Dancing Through Life

Still trying to grasp the fact that I am in my third year of college, I am sitting at Starbucks on campus at the exact spot that I sat at my freshman year. The people around me are different. The workers are different. I am different.

But hey, at least the scenery is the same.


I agree, Yoko Ono.

Marching through life is one lousy habit that many of us obtain. It’s as if we don’t realize the amazing moments that surround us and instead, we sulk up about the minor, petty instances that take away that bit of happiness that we must hold on to.

Recently, a hometown friend is struggling with health issues. He had some tests ran, and they found two spots in him.

A cook who works for my sorority has a son who was just diagnosed with cancer.

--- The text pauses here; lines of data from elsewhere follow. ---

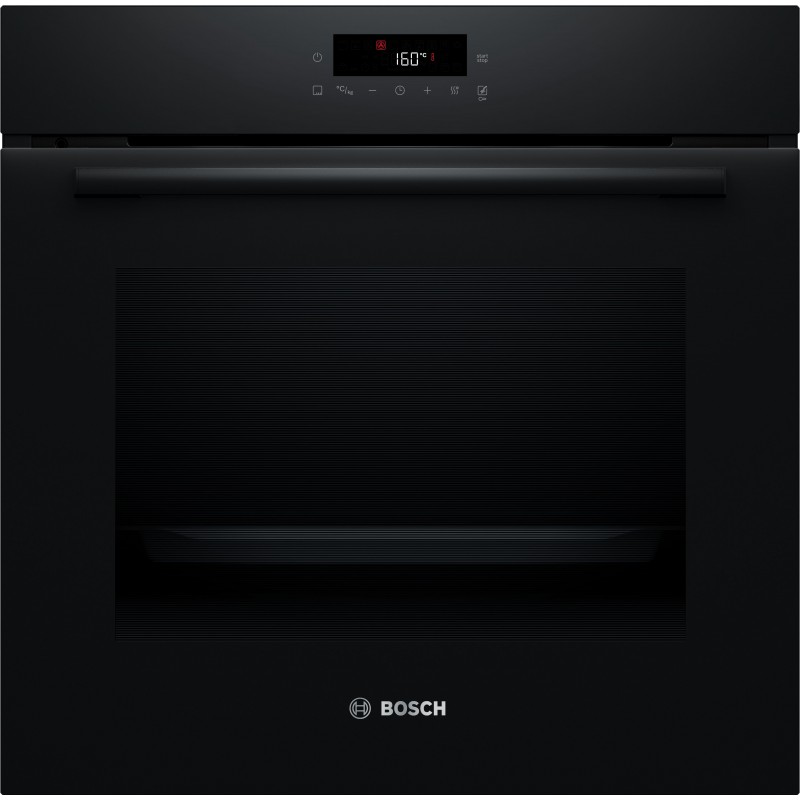 Bosch Serie 2 HBA571BB4. Tamaño del horno: Medio, Tipo de horno: Horno eléctrico, Total capacidad interior, horno (s): 71 L. Tipo de instalación: Integrado, Color del producto: Negro, Tipo de control: Tocar. Tipo de temporizador: Digital. Clase de eficiencia de energía: A+, Consumo de energía (convencional): 0,94 kWh, Consumo de energía (convección forzada): 0,69 kWh. Ancho de compartimiento de instalación: 56,8 cm, Profundidad del compartimiento de instalación: 55 cm, Altura del compartimiento de instalación: 59,5 cm
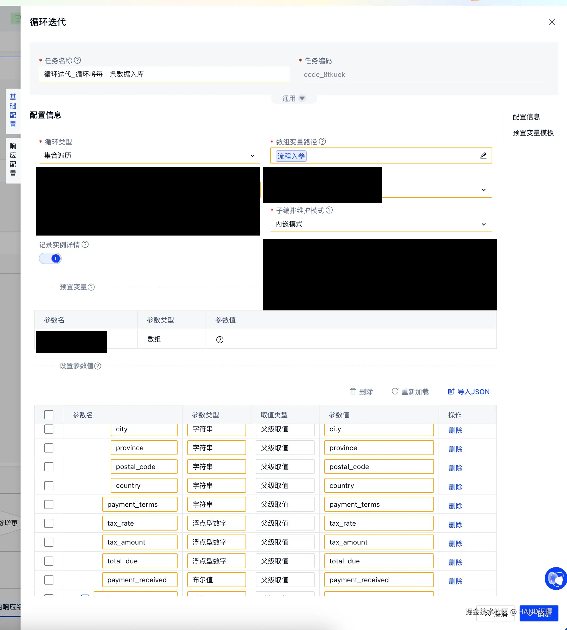 针对循环处理批订单场景,循环节点选择集合遍历类型,直接配置入参结构作为遍历目标。
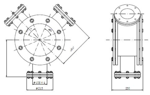 分匯器是一個三通閥,通過導(dǎo)向板的切換可使膠球進(jìn)入需要清洗的一側(cè)凝汽器中工作。一般一臺機組需兩臺分匯器,其進(jìn)口通徑為DN100,分配口為DN89,膠球投用時可通過窺視窗觀察運行情況。
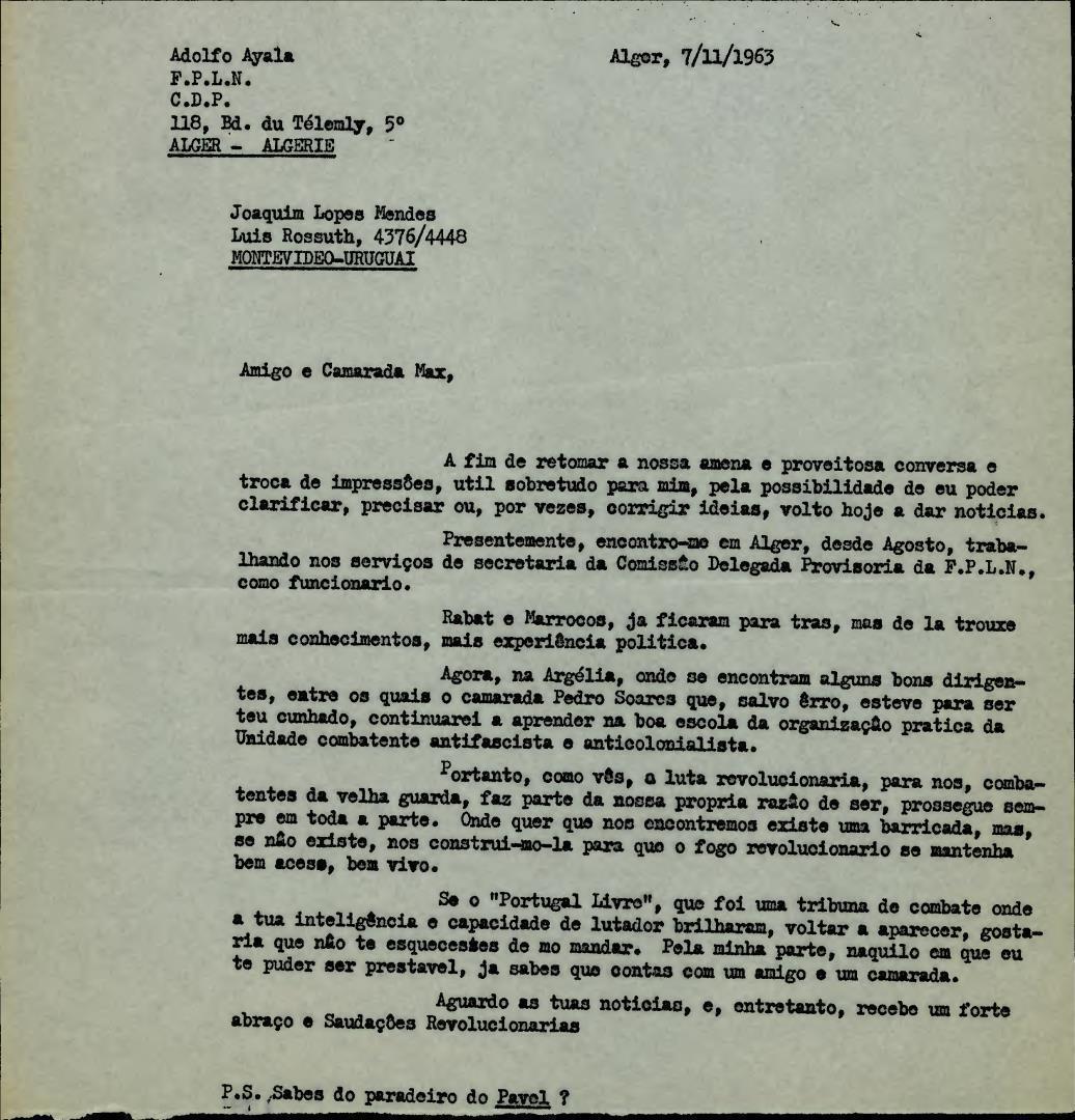 Carta datilografada remetida por Adolfo Ayala, em Alger, a Joaquim Lopes Mendes, em Montevideo, dando-lhe conta da sua estadia em Alger e da situação da oposição ao regime político em Portugal.

My dad’s uncle just passed away.

Children everywhere are suffering from illnesses because their country doesn’t have the money to cure it.

And we complain when our restaurant forgets to take onions off of our burger.

It kind of puts things into perspective, doesn’t it?

We march through life — we accept mediocre things and grumble about bad coffee, someone giving us half of what we give them, receiving a C when we are capable of an A, or not having the money to buy tickets to the next big game. We don’t put into context that we accept the fact that our parents work day and night just to pay for our tuition. We accept bad coffee. We accept half of someone’s love that they give to us. We accept settling instead of waiting. We accept a C when we are capable of an A. We accept acquaintances.

Why don’t we dance? Find a job. Help your parents. Go for a latte the next time you walk into a coffee shop. Wait for your soul mate. Don’t settle. Study, and study hard. You have plenty of other nights to go out, but you’ll only have that exact test once. Be a friend and leave those who don’t make time for you.

Dancing through life is really what it’s all about.


But really, can they? Can all your worries really add a single moment to your life?

Last night, I saw what it really meant to be a family. It’s not like I have ever doubted the love my family has for one another before, but I genuinely experienced the bond that is wrapped around my family’s devotion. One instance happens, and both my brother and I are over at our parents’ home in a heartbeat. We were circled together, talking about how we have each other’s backs and how we would always be there for one another. My brother is 23 and I am 2o, and where were we? Sitting on our parents’ countertop listening to the problems that occurred that night and I could have sworn I flashed back in time to when I was five — when we sat on our parents’ countertop and listened to the problems that occurred in their lives.

So, the answer to the question ‘Can all your worries really add a single moment to your life?’ is actually quite simple.

Instead of worrying, lets dance. Dance through life and focus on not settling for anything less than what you are capable of. Don’t march through and ignore the problems of those that love you — dance and listen.